Hi everybody,
I’m a senior product manager at Tyk working on observability. We have been getting many questions from our users about distributed tracing, the sunset of OpenTracing and our upcoming support for OpenTelemetry.
I have summarised all the answers to those questions below.
Is anything missing? Don’t hesitate to ask.
If you are new to observability and/or OpenTelemetry, you should probably read those two articles first: Observability Primer | OpenTelemetry and What is OpenTelemetry? | OpenTelemetry.
Q: Is OpenTelemetry support coming to Tyk?
Yes, distributed tracing support with OpenTelemetry is on the near-term roadmap for Tyk API Gateway. If this is a valuable feature for you, please leave a comment below saying as much.
Here are a couple of things we’d love to learn from you:
- Why would you like to get distributed tracing from Tyk API Gateway? How will this make your life easier?
- Which observability platform/tool are you using (Datadog, Dynatrace, New Relic, Elastic, HoneyComb, Splunk, Lightstep, Jaeger, Grafana Tempo, …)?
- Do you have any specific requirements (e.g. format being used for trace-context propagation, granularity of the spans we will export, sampling, baggage, …)
Q: Will OpenTelemetry help me to monitor and troubleshoot GraphQL and UDG queries?
Yes! let us know you what you struggle with at the moment (e.g. federation) and we will look into your use cases.
Q: Now that OpenTracing is being sunsetted, can I still use OpenTracing with Tyk?
Yes! here’s what you should know:
Tyk API Gateway implements the OpenTracing specification using the OpenTracing Go library and exports the trace data using either the client libraries from Jaeger or from ZipKin. This can be configured in the Gateway (see Jaeger or Zipkin for details on the configuration option).
The CNCF (Cloud Native Foundation) has archived the OpenTracing project and Jaeger has also deprecated their client libraries. This means that no new pull requests or feature requests are accepted into OpenTracing or Jaeger repositories. This makes sense because the whole community has moved to OpenTelemetry with great progress!
OpenTelemetry support is on our near-term roadmap (see above). Until it is available you can definitively leverage OpenTracing to get Gateway timing and data in your traces. We are of course still supporting this functionality - let us know if you are having any issues with this.
Q: Which information does the current implementation with OpenTracing export?
Right now, you get timings for the time spent in the Tyk Gateway (version check, rate limit check, middleware, …) and for the time spent in upstream services.
There is room for improvement (error, http status code, …) and we plan to use the semantic convention from OpenTelemetry to guide us.

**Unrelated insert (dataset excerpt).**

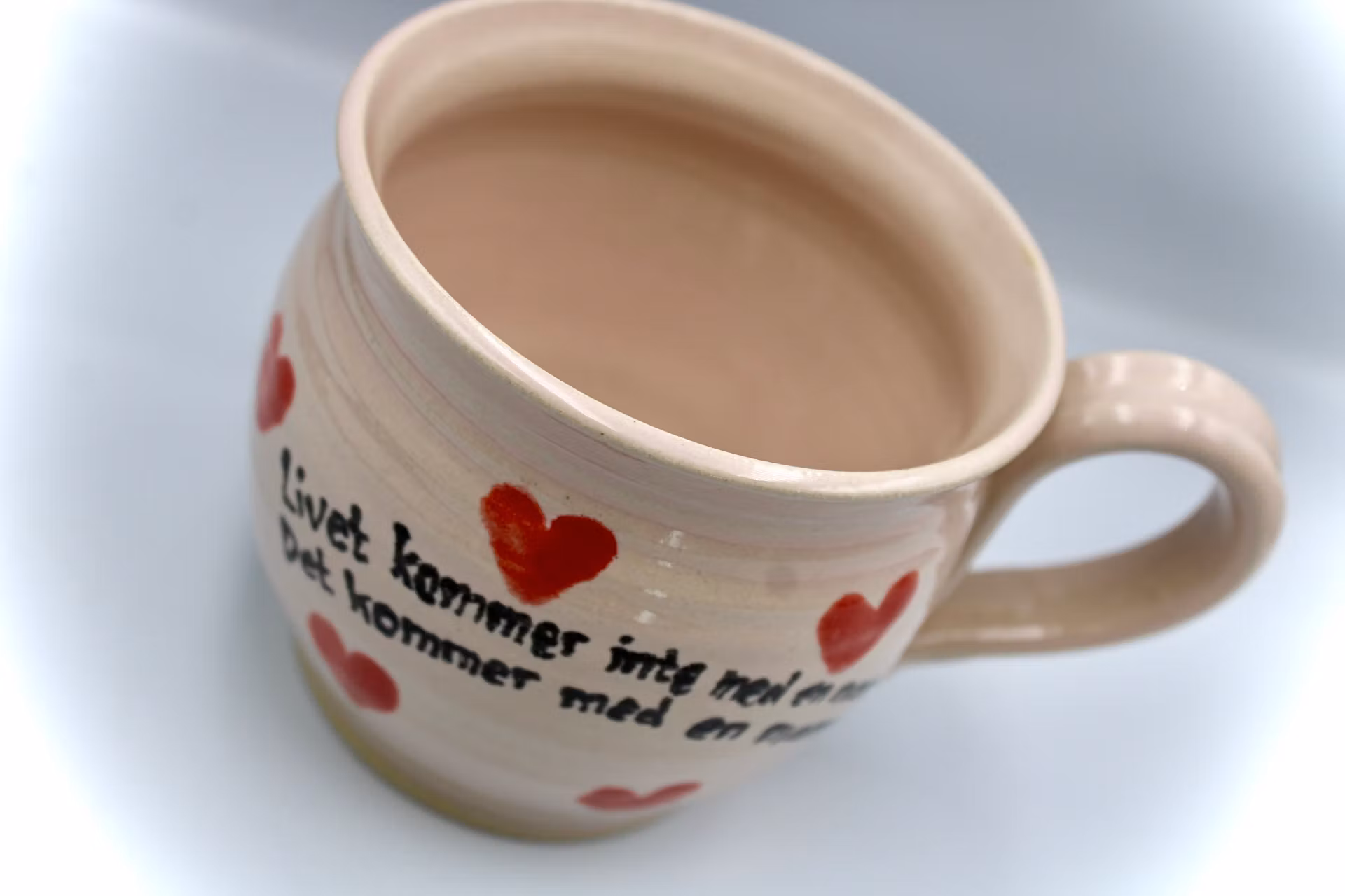Ljusrosa mugg med röda hjärtan och texten:

Let us know if you are missing relevant insights.
Q: Can I use the OpenTelemetry collector to translate the spans exported with OpenTracing to the OpenTelemetry format?

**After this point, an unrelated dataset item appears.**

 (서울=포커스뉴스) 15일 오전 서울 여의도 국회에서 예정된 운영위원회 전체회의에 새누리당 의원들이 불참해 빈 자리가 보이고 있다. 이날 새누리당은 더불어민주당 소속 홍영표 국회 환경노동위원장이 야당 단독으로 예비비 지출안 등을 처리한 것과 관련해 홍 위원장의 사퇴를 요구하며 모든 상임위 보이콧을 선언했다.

The OpenTelemetry collector (the component responsible for collecting, processing and forwarding telemetry data) has the concept of receiver. A receiver accepts data in a specific format, translates it into the internal format and passes it to processors and exporters defined in the collector.
This means that you can use the traces exported by Tyk in the Jaeger or ZipKin format, translated into the OTLP format (or any other format required by your observability backend), by using the receiver for Jaeger or for ZipKin.

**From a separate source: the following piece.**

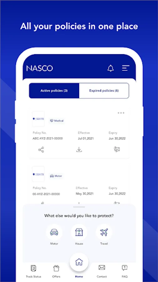 Nasco Connect provides you with the details of your medical, motor, travel and home insurance policies. You can also request quotation and purchase new policies in seconds.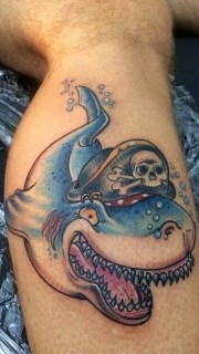 腿部可爱的卡通海马蝴蝶结纹身图案

Attention: while it could be beneficial for your use case to be able to export the traces in the OTLP format and import them in the tool of your choice, you will still be missing one piece to achieve true end-to-end tracing: a unique format for context propagation.
Q: What is context propagation? Do you support W3C Trace Context?
When using distributed tracing, each service and component will export their own spans (part of the trace). A unique identifier (trace id) is needed to stitch those spans together to get the end-to-end distributed trace.
In the past, each observability vendor and tools implemented their own format to express this trace id (B3, Jaeger native propagation, …). A couple of years ago, a new standard was created: W3C trace-context and is the standard recommended by OpenTelemetry.
Here is a good video to learn more about context propagation with OpenTelemetry: Context Propagation makes OpenTelemetry awesome - YouTube.
With our OpenTracing support in Tyk API Gateway, we support B3 with Zipkin and Jaeger native propagation with Jaeger. We plan to use W3C Trace-Context in our upcoming support of OpenTelemetry.